I've been given the question:
Choose a Ring which is not an integral domain. Find non-zero polynomials $f,g \in R[x]$ such that $fg$ is non zero and $\deg(fg) \neq \deg(f) + \deg(g)$.
So to my understanding, if $a$ and $b$ are two non-zero elements of a ring R such that $ab = 0$, then $a$ and $b$ are called zero divisors. And an integral domain is a ring without said divisors.
Therefore for a ring to be a non-integral domain, I assume it would then contain these divisors, such that $ab = 0 \neq a$ and $0 \neq b$.
However I get stuck here, The question states that $f,g \neq 0$ and $fg \neq 0$, I can clearly see that you can have cases where (since it is not an integral domain) we could have $fg = 0 $ but $f,g \neq 0$ and be done with it. However I'm unsure how to show that these polynomials exist without this. As I can't think of any examples where $\deg(fg) = \deg(f) + \deg(g)$ doesn't hold
Best Answer
Well, work over the ring ${\Bbb Z}_6$, which has units $1,5$ and zero divisors $2,3,4$.

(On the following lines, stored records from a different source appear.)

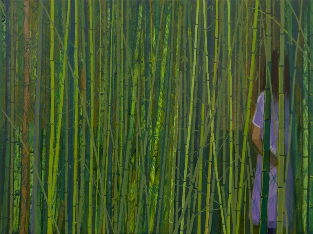 《竹林趣事》,李非凡,布面丙烯、油彩,30x40cm,2025
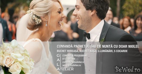 La GALA Atelier beneficiezi de pachetul complet de nunta cu doar 900lei. Acesta include buchet mireasa, buchet nasa, lumanari (orice stil si inaltime) si 5 cocarde.
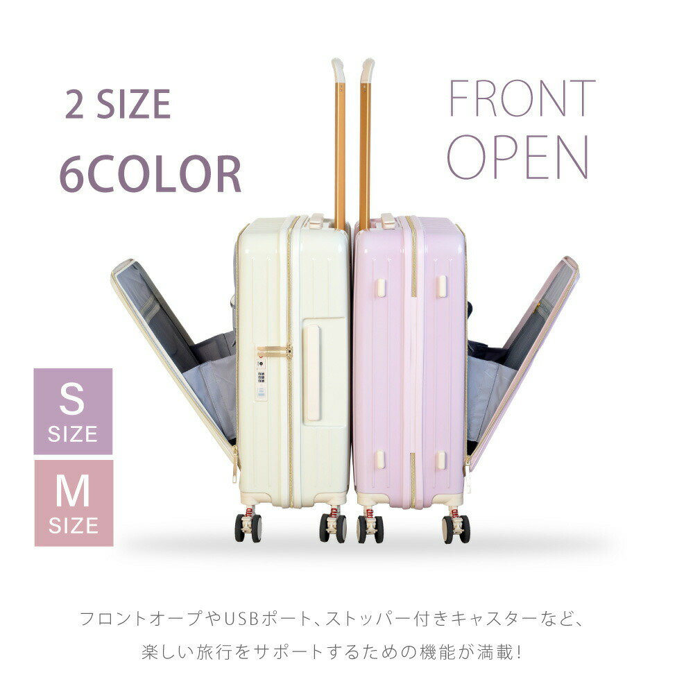 | ★フロントオープン 超軽量 Sサイズ 8輪 スーツケース キャリーバッグ USBポート付き 前開き キャリーケース ハードケース 旅行 かわいい 可愛い おしゃれ | ||

Take $f=2x+1$ and $g=3x+1$. Then $fg= 6x^2 + 2x+3x + 1 = 5x+1$ in ${\Bbb Z}_6[x]$.
Here is the generalization: Let $R$ be a commutative ring with zero divisors. Take the polynomials $$f = a_nx^n+\ldots+a_1x+a_0,\quad a_n\ne 0,$$ and $$g = b_mx^m+\ldots+b_1x+b_0, \quad b_m\ne 0,$$ in $R[x]$ with degrees $m,n\geq 1$. Then the product has the form $$fg = a_nb_m x^{n+m}+\mbox{(terms of order $<n+m$ in $x$)}.$$ If $a_nb_m=0$ (i.e., both zero divisors), then $\deg(fg)<n+m = \deg(f)+\deg(g)$.